What is required: All the lines below need retyping exactly, apart from the images.

Data shown:
►
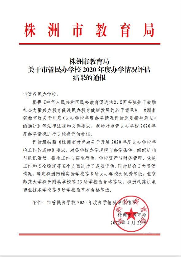 喜報!我校榮獲株洲市2020年年度辦學評估優秀學校 發布時間:2021-05-12 08:53:18 瀏覽量:4341 發布者:株洲軌道交通職業技術學校 喜 報 株洲軌道交通職業技術學校在2020年株洲市辦學情況評估中獲評 優 秀!2021我們將不忘初心,砥礪前行 株洲軌道交通職業技術學校全體教職員工將團結一心,奮勇拼搏,積極創造優良的辦學條件,提高辦學水平,突出辦學特色,專注城市軌道交通,鐵道運輸,幼兒保育、電子商務等專業特色,夯實現代職業教育辦學內涵,辦國家、社會、家長、學生、企業滿意的教育!歡迎2021級初中應屆畢業生報考株洲軌道交通職業技術學校招生代碼:3643000390
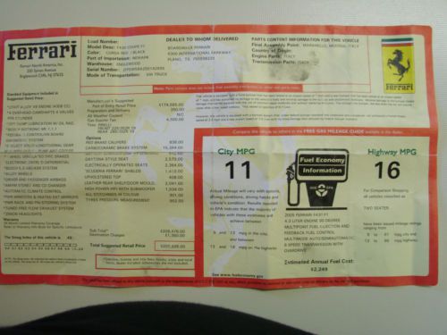 2005 Transmission: Automatic F1 Make: Ferrari Body Type: Coupe Model: 430 Vehicle Title: Clear Engine: 8 Fuel Type: Gas Mileage: 27,223 For Sale By: Private Owner Sub Model: Berlinetta Disability Equipped: No Exterior Color: Red Doors: 2 Interior Color: Black Drivetrain: Rear Wheel Drive Vehicle Original Optional equipment: Red brake calipers, Carbon ceramic brake system, Battery charger tender, Daytona style seats, Electrically operated seats, Scuderia Ferrari Shields, Upholstered Leather Top, Leather Rear Shelf/Door Moulding High Power/Hi Fi w/Subwoofer, All stitching in color, Tires Pressure Measurement and BBS Challenge Style Wheels. Optional Items amounted to $29,041, Retail price of vehicle was $209,826 as displayed in photos of sticker from vehicle. After-Market Items: Tubi Challenge Exhaust and Pioneer Radio/CD. |
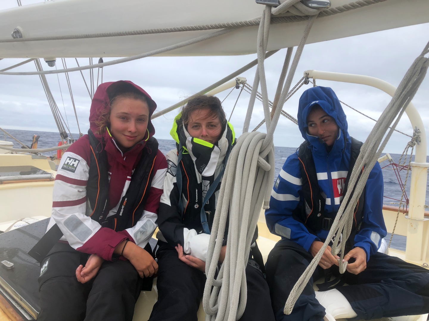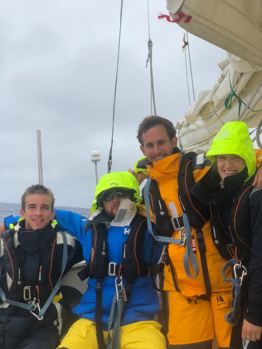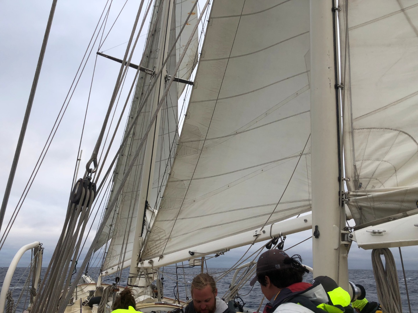 Being wet and cold was not the only fun aspect of this new weather system; wind speeds also picked up significantly. Because of this, we were able to raise most sails and turn the engine off, allowing us to finally turn on our sailing navigation lights (red over green). Together we were able to efficiently and quickly raise all sails while the chefs prepared our next meal.
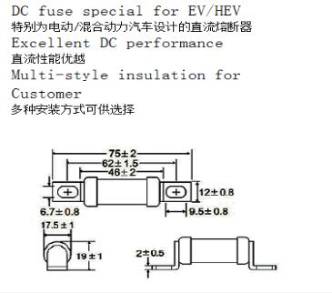 簡述: DC fuse special for EV/HEV 特別為電動/混合動力汽車設計的直流熔斷器
◄
Answer for this exercise:
 喜報!我校榮獲株洲市2020年年度辦學評估優秀學校 發布時間:2021-05-12 08:53:18 瀏覽量:4341 發布者:株洲軌道交通職業技術學校 喜 報 株洲軌道交通職業技術學校在2020年株洲市辦學情況評估中獲評 優 秀!2021我們將不忘初心,砥礪前行 株洲軌道交通職業技術學校全體教職員工將團結一心,奮勇拼搏,積極創造優良的辦學條件,提高辦學水平,突出辦學特色,專注城市軌道交通,鐵道運輸,幼兒保育、電子商務等專業特色,夯實現代職業教育辦學內涵,辦國家、社會、家長、學生、企業滿意的教育!歡迎2021級初中應屆畢業生報考株洲軌道交通職業技術學校招生代碼:3643000390
 2005 Transmission: Automatic F1 Make: Ferrari Body Type: Coupe Model: 430 Vehicle Title: Clear Engine: 8 Fuel Type: Gas Mileage: 27,223 For Sale By: Private Owner Sub Model: Berlinetta Disability Equipped: No Exterior Color: Red Doors: 2 Interior Color: Black Drivetrain: Rear Wheel Drive Vehicle Original Optional equipment: Red brake calipers, Carbon ceramic brake system, Battery charger tender, Daytona style seats, Electrically operated seats, Scuderia Ferrari Shields, Upholstered Leather Top, Leather Rear Shelf/Door Moulding High Power/Hi Fi w/Subwoofer, All stitching in color, Tires Pressure Measurement and BBS Challenge Style Wheels. Optional Items amounted to $29,041, Retail price of vehicle was $209,826 as displayed in photos of sticker from vehicle. After-Market Items: Tubi Challenge Exhaust and Pioneer Radio/CD. |
 Being wet and cold was not the only fun aspect of this new weather system; wind speeds also picked up significantly. Because of this, we were able to raise most sails and turn the engine off, allowing us to finally turn on our sailing navigation lights (red over green). Together we were able to efficiently and quickly raise all sails while the chefs prepared our next meal.
 簡述: DC fuse special for EV/HEV 特別為電動/混合動力汽車設計的直流熔斷器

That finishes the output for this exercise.